Looking back down the hill, the view presented the
grandest spectacle of Nature and Man, in combination, that I
have ever seen. The lower slopes of the eminence melted
imperceptibly into a grassy plain, the place of the meeting
of three rivers. On one side, the graceful winding of the
waters stretched away, now visible, now hidden by trees, as
far as the eye could see. On the other, the waveless ocean
slept in the calm of the night. People this lovely scene
with tens of thousands of human creatures, all dressed in
white, stretching down the sides of the hill, overflowing
into the plain, and fringing the nearer banks of the winding
rivers. Light this halt of the pilgrims by the wild red
flames of cressets and torches, streaming up at intervals
from every part of the innumerable throng. Imagine the
moonlight of the East, pouring in unclouded glory over
all—and you will form some idea of the view that met me when
I looked forth from the summit of the hill.

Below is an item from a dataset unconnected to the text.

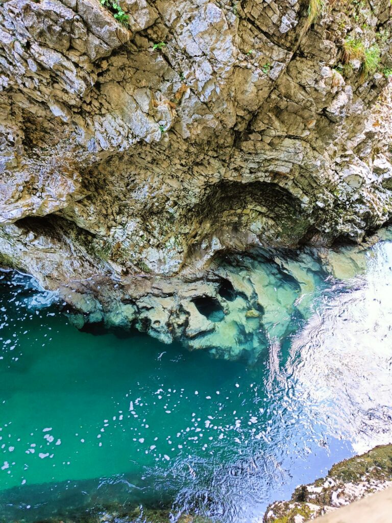 Nosotros la vimos en el tercer día de viaje, después de dos días conociendo los Alpes julianos. El recorrido por la garganta es indudablemente bonito, aunque no nos sorprendió demasiado. Ese color del agua tan llamativo lo llevábamos viendo desde que entramos en Eslovenia por Kanal ob Soci, y, en muchas ocasiones, sin pagar.

A strain of plaintive music, played on stringed
instruments, and flutes, recalled my attention to the hidden
shrine.
I turned, and saw on the rocky platform the figures of
three men. In the central figure of the three I recognised
the man to whom I had spoken in England, when the Indians
appeared on the terrace at Lady Verinder's house. The other
two who had been his companions on that occasion were no
doubt his companions also on this.
One of the spectators, near whom I was standing, saw me
start. In a whisper, he explained to me the apparition of
the three figures on the platform of rock.

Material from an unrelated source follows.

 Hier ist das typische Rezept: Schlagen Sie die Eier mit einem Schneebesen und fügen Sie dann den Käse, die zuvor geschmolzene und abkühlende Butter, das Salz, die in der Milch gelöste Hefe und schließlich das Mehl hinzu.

They were Brahmins (he said) who had forfeited their
caste in the service of the god. The god had commanded that
their purification should be the purification by pilgrimage.

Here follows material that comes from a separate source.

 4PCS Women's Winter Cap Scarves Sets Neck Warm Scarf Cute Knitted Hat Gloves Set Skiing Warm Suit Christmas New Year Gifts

On that night, the three men were to part. In three separate
directions, they were to set forth as pilgrims to the
shrines of India. Never more were they to look on each
other's faces. Never more were they to rest on their
wanderings, from the day which witnessed their separation,
to the day which witnessed their death.
As those words were whispered to me, the plaintive music
ceased. The three men prostrated themselves on the rock,
before the curtain which hid the shrine. They rose—they
looked on one another—they embraced. Then they descended
separately among the people. The people made way for them in
dead silence. In three different directions I saw the crowd
part, at one and the same moment. Slowly the grand white
mass of the people closed together again. The track of the
doomed men through the ranks of their fellow mortals was
obliterated. We saw them no more.
A new strain of music, loud and jubilant, rose from the
hidden shrine. The crowd around me shuddered, and pressed
together.
The curtain between the trees was drawn aside, and the
shrine was disclosed to view.
There, raised high on a throne—seated on his typical
antelope, with his four arms stretching towards the four
corners of the earth—there, soared above us, dark and awful
in the mystic light of heaven, the god of the Moon. And
there, in the forehead of the deity, gleamed the yellow
Diamond, whose splendour had last shone on me in England,
from the bosom of a woman's dress!
Yes! after the lapse of eight centuries, the Moonstone
looks forth once more, over the walls of the sacred city in
which its story first began. How it has found its way back
to its wild native land—by what accident, or by what crime,
the Indians regained possession of their sacred gem, may be
in your knowledge, but is not in mine. You have lost sight
of it in England, and (if I know anything of this people)
you have lost sight of it for ever.
So the years pass, and repeat each other; so the same
events revolve in the cycles of time. What will be the next
adventures of the Moonstone? Who can tell?